DATA BLOCK –

------------------------------------------------

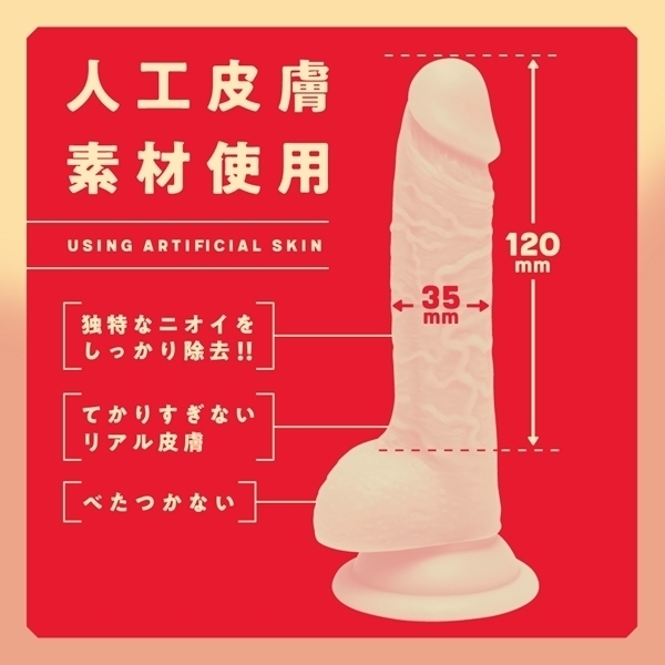 よりリアルを追求した、国内生産×国産人工皮膚素材のディルドができました。人工皮膚素材によって、てかりすぎないリアルな皮膚を再現しながら誰にでも安心して使えるようにひとつひとつ丁寧に作っています。ぷにっとやわらかやみつき感触×人工皮膚素材とリアルな造形でこだわりの仕上がり。棒部分の長さは120mm。先端部分の最大径は35mm。
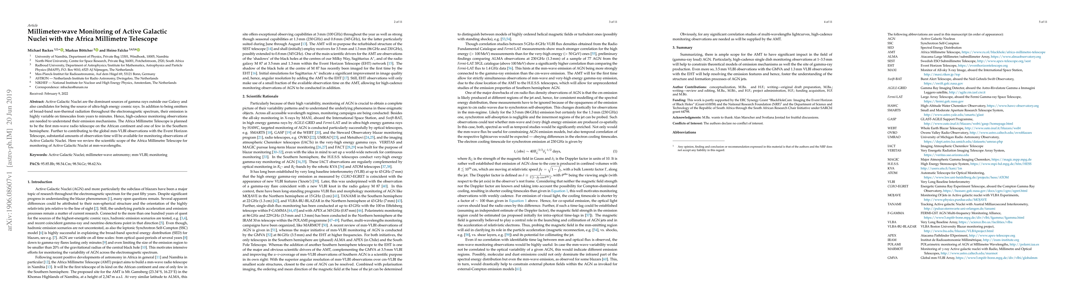Active Galactic Nuclei are the dominant sources of gamma rays outside our Galaxy and also candidates for being the source of ultra-high energy cosmic rays. In addition to being emitters of broad-band non-thermal radiation throughout the electromagnetic spectrum, their emission is highly variable on timescales from years to minutes. Hence, high-cadence monitoring observations are needed to understand their emission mechanisms. The Africa Millimetre Telescope is planned to be the first mm-wave radio telescope on the African continent and one of few in the Southern hemisphere. Further to contributing to the global mm-VLBI observations with the Event Horizon Telescope, substantial amounts of observation time will be available for monitoring observations of Active Galactic Nuclei. Here we review the scientific scope of the Africa Millimetre Telescope for monitoring of Active Galactic Nuclei at mm-wavelengths.
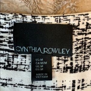 Cynthia Rowley black and white pattern rayon spandex blend size Medium. This dress is in great condition and I believe it’s been worn two times. I bought it for a wedding party it is also perfect for work with a sweater or blazer. Material is stretchy, lightweight, super comfortable and hides most flaws.

------------------------------------------------

WORK TASK – All of the data gets printed again exactly; the pictures do not.

ANSWER SPACE –
 よりリアルを追求した、国内生産×国産人工皮膚素材のディルドができました。人工皮膚素材によって、てかりすぎないリアルな皮膚を再現しながら誰にでも安心して使えるようにひとつひとつ丁寧に作っています。ぷにっとやわらかやみつき感触×人工皮膚素材とリアルな造形でこだわりの仕上がり。棒部分の長さは120mm。先端部分の最大径は35mm。
Active Galactic Nuclei are the dominant sources of gamma rays outside our Galaxy and also candidates for being the source of ultra-high energy cosmic rays. In addition to being emitters of broad-band non-thermal radiation throughout the electromagnetic spectrum, their emission is highly variable on timescales from years to minutes. Hence, high-cadence monitoring observations are needed to understand their emission mechanisms. The Africa Millimetre Telescope is planned to be the first mm-wave radio telescope on the African continent and one of few in the Southern hemisphere. Further to contributing to the global mm-VLBI observations with the Event Horizon Telescope, substantial amounts of observation time will be available for monitoring observations of Active Galactic Nuclei. Here we review the scientific scope of the Africa Millimetre Telescope for monitoring of Active Galactic Nuclei at mm-wavelengths.
 Cynthia Rowley black and white pattern rayon spandex blend size Medium. This dress is in great condition and I believe it’s been worn two times. I bought it for a wedding party it is also perfect for work with a sweater or blazer. Material is stretchy, lightweight, super comfortable and hides most flaws.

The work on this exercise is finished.